- [AIM OF THE TASK]
Nothing but the records, transcribed exactly, should appear in the answer; leave the pictures out.

━━━ DATASET RECORDS

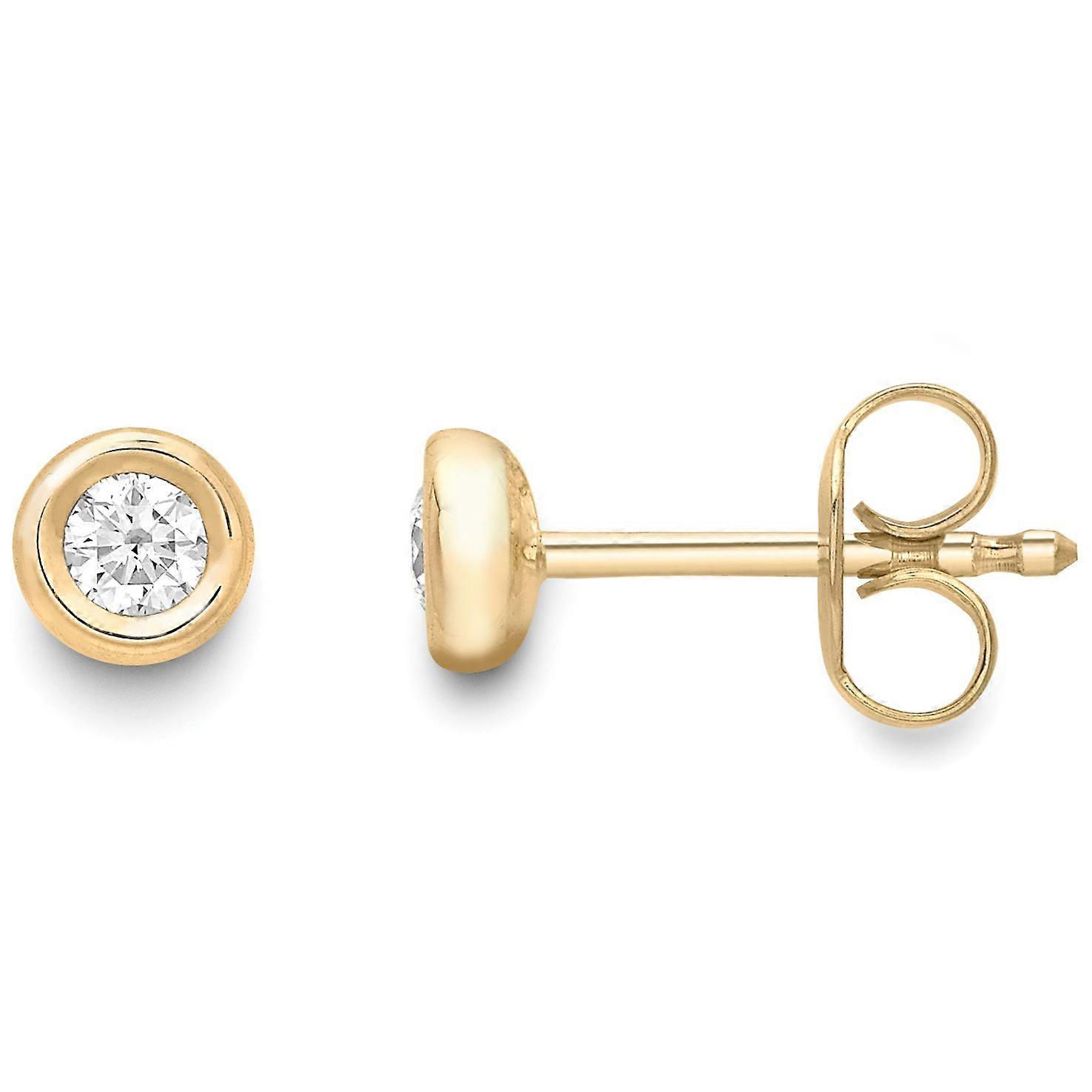 Jewelco London 18ct Gold Diamond Rubover Solitaire Stud Earrings 5mm 0.16ct
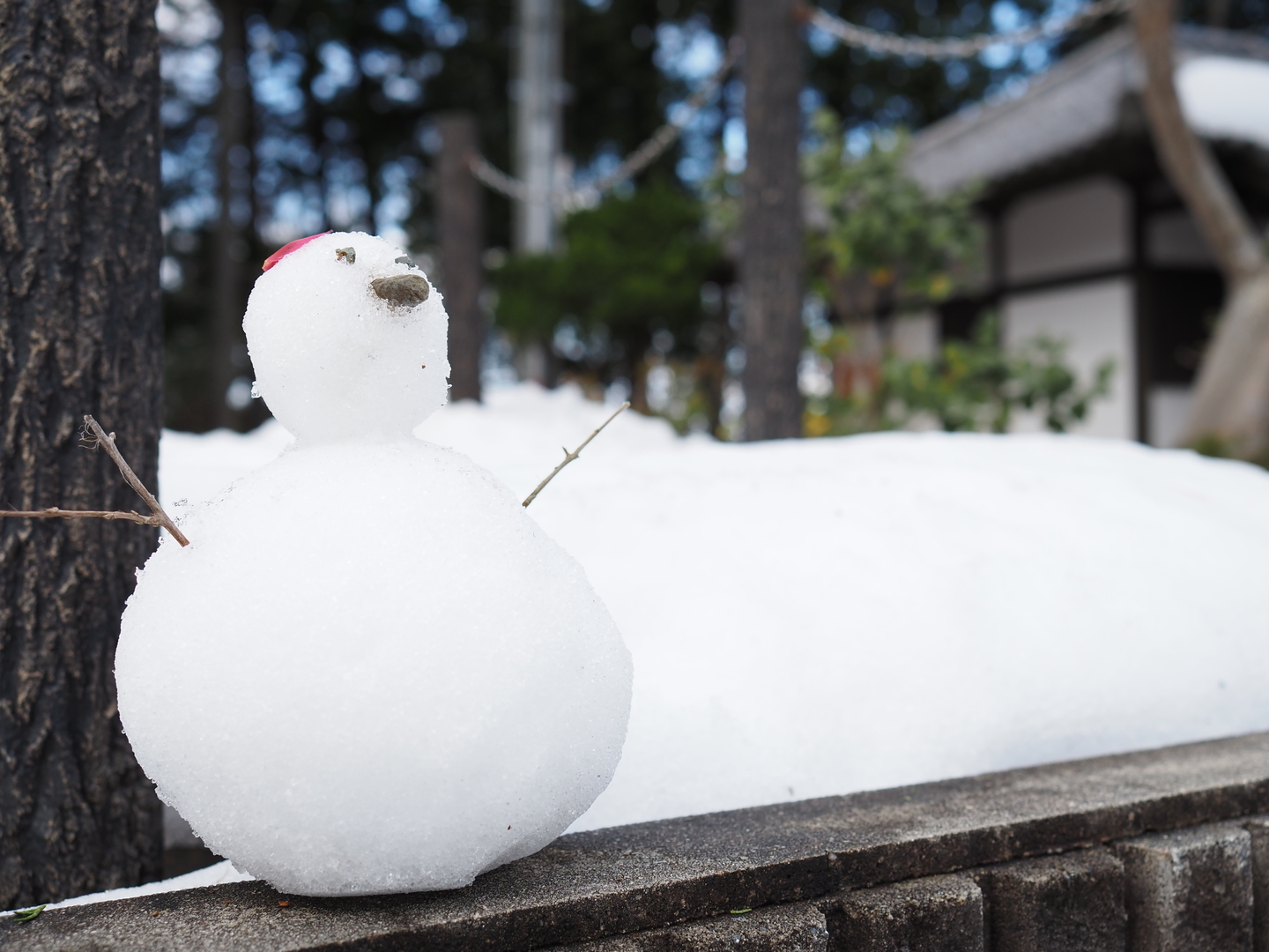 誰かが作った雪だるまにぐぐっと接近。石でできた鼻周りの雪の粒までしっかり解像してくれています。
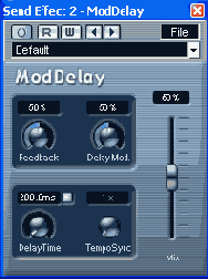 Возле каждой из воспроизводящих головок расположен регулятор времени задержки Delay (в реальном магнитофоне для изменения задержки пришлось бы передвигать головки вдоль канала транспортировки ленты). Если включить кнопку Sync, то задержка станет ритмизированной: кратной некоторой заданной доле музыкального такта. Соотношение уровней исходного и обработанного сигналов регулируется слайдером Wet — Dry. В каждом из каналов задержки доступны 4 параметра:
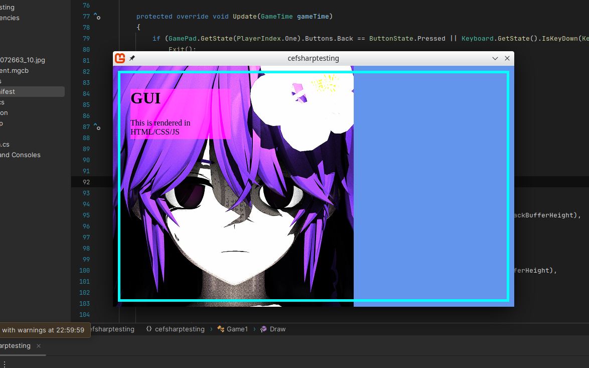 An example project using Puppeteer Sharp to achieve cross platform UI in Monogame. This allows websites to render on top of the game, so you could in theory make your game's UI in HTML/CSS/JS or whichever framework you use (really anything that works on the web). This is what we are currently trying to achieve in Contraband Software's planned Rock Engine.
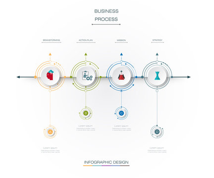Vector infographics timeline design template with 3D paper label and 4options or steps, integrated circles background. For content business, infographic diagram,  flowchart, process diagram, time line

━━━━━━

- [ANSWER TO THIS EXERCISE]
 Jewelco London 18ct Gold Diamond Rubover Solitaire Stud Earrings 5mm 0.16ct
 誰かが作った雪だるまにぐぐっと接近。石でできた鼻周りの雪の粒までしっかり解像してくれています。
 Возле каждой из воспроизводящих головок расположен регулятор времени задержки Delay (в реальном магнитофоне для изменения задержки пришлось бы передвигать головки вдоль канала транспортировки ленты). Если включить кнопку Sync, то задержка станет ритмизированной: кратной некоторой заданной доле музыкального такта. Соотношение уровней исходного и обработанного сигналов регулируется слайдером Wet — Dry. В каждом из каналов задержки доступны 4 параметра:
 An example project using Puppeteer Sharp to achieve cross platform UI in Monogame. This allows websites to render on top of the game, so you could in theory make your game's UI in HTML/CSS/JS or whichever framework you use (really anything that works on the web). This is what we are currently trying to achieve in Contraband Software's planned Rock Engine.
Vector infographics timeline design template with 3D paper label and 4options or steps, integrated circles background. For content business, infographic diagram,  flowchart, process diagram, time line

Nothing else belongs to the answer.